◆ WORK ITEM
The line that contains "The traditional Chili" marks the start. Please set it down, with every later line of the data, exactly and without pictures.

◆ SUPPLIED INFORMATION
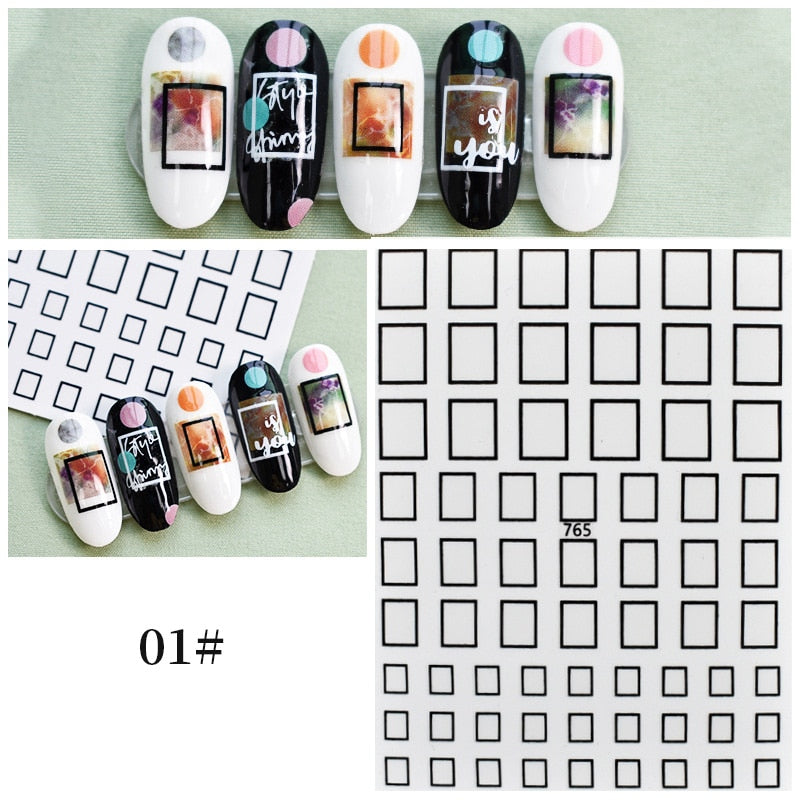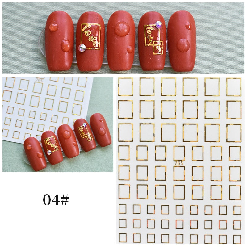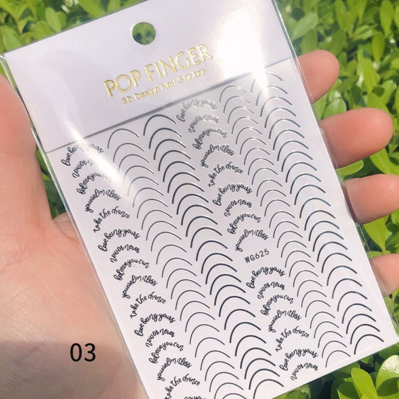 3D Stickers Bendable Gold Silver Lines Striping Tape Sticker Black White Lines Geometry Slider Decals For Manicures Decor
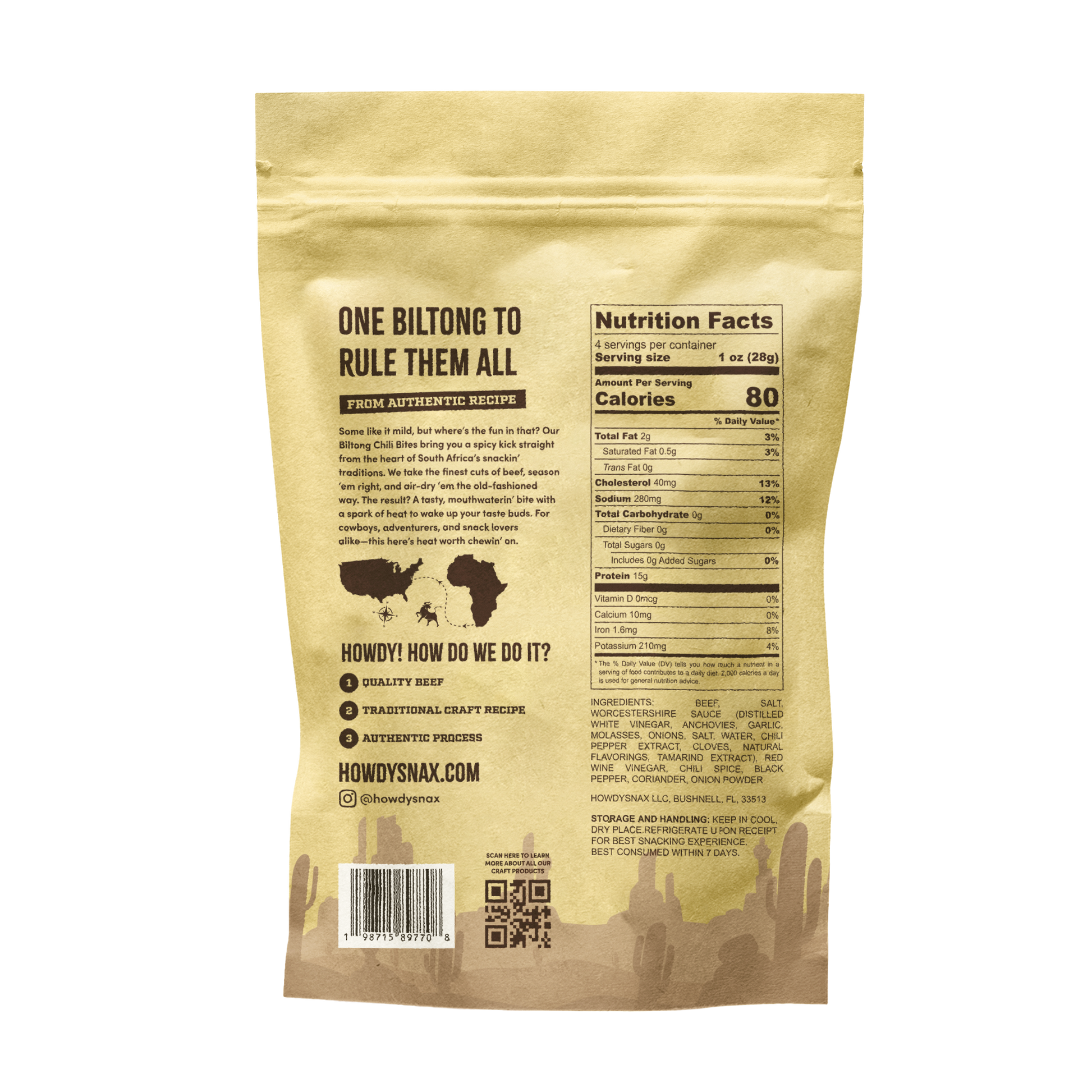 The traditional Chili Bites is a well balanced heat Biltong snap stick. It brings the heat, but not overbearing. Believe us, once you had one, you cant put that bag down!
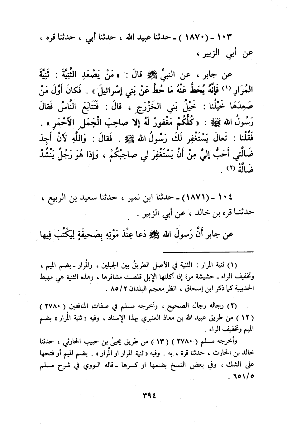 1870 - حَدَّثَنَا عُبَيْدُ اللَّهِ، حَدَّثَنَا أَبِي، حَدَّثَنَا قُرَّةُ، عَنْ أَبِي الزُّبَيْرِ، عَنْ جَابِرٍ، عَنِ النَّبِيِّ صَلَّى اللهُ عَلَيْهِ وَسَلَّمَ قَالَ: «§مَنْ يَصْعَدِ الثَّنِيَّةَ ثَنِيَّةَ الْمُرَارِ فَإِنَّهُ يُحَطُّ عَنْهُ مَا حُطَّ عَنْ بَنِي إِسْرَائِيلَ»، فَكَانَ أَوَّلَ مَنْ صَعِدَهَا خَيْلُنَا خَيْلُ بَنِي الْخَزْرَجِ، قَالَ: فَتَتَابَعَ النَّاسُ، فَقَالَ رَسُولُ اللَّهِ صَلَّى اللهُ عَلَيْهِ وَسَلَّمَ: «كُلُّكُمْ مَغْفُورٌ لَهُ إِلَّا صَاحِبَ الْجَمَلِ الْأَحْمَرِ»، فَقُلْنَا: تَعَالَ يَسْتَغْفِرُ لَكَ رَسُولُ اللَّهِ صَلَّى اللهُ عَلَيْهِ وَسَلَّمَ، فَقَالَ: وَاللَّهِ لَأَنْ أَجِدَ ضَالَّتِي أَحَبُّ إِلَيَّ مِنْ أَنْ يَسْتَغْفِرَ لِي صَاحِبِكُمْ، وَإِذَا هُوَ رَجُلٌ يَنْشُدُ ضَالَّةًKرجاله رجال الصحيح

◆ OUTPUT BELOW
 The traditional Chili Bites is a well balanced heat Biltong snap stick. It brings the heat, but not overbearing. Believe us, once you had one, you cant put that bag down!
 1870 - حَدَّثَنَا عُبَيْدُ اللَّهِ، حَدَّثَنَا أَبِي، حَدَّثَنَا قُرَّةُ، عَنْ أَبِي الزُّبَيْرِ، عَنْ جَابِرٍ، عَنِ النَّبِيِّ صَلَّى اللهُ عَلَيْهِ وَسَلَّمَ قَالَ: «§مَنْ يَصْعَدِ الثَّنِيَّةَ ثَنِيَّةَ الْمُرَارِ فَإِنَّهُ يُحَطُّ عَنْهُ مَا حُطَّ عَنْ بَنِي إِسْرَائِيلَ»، فَكَانَ أَوَّلَ مَنْ صَعِدَهَا خَيْلُنَا خَيْلُ بَنِي الْخَزْرَجِ، قَالَ: فَتَتَابَعَ النَّاسُ، فَقَالَ رَسُولُ اللَّهِ صَلَّى اللهُ عَلَيْهِ وَسَلَّمَ: «كُلُّكُمْ مَغْفُورٌ لَهُ إِلَّا صَاحِبَ الْجَمَلِ الْأَحْمَرِ»، فَقُلْنَا: تَعَالَ يَسْتَغْفِرُ لَكَ رَسُولُ اللَّهِ صَلَّى اللهُ عَلَيْهِ وَسَلَّمَ، فَقَالَ: وَاللَّهِ لَأَنْ أَجِدَ ضَالَّتِي أَحَبُّ إِلَيَّ مِنْ أَنْ يَسْتَغْفِرَ لِي صَاحِبِكُمْ، وَإِذَا هُوَ رَجُلٌ يَنْشُدُ ضَالَّةًKرجاله رجال الصحيح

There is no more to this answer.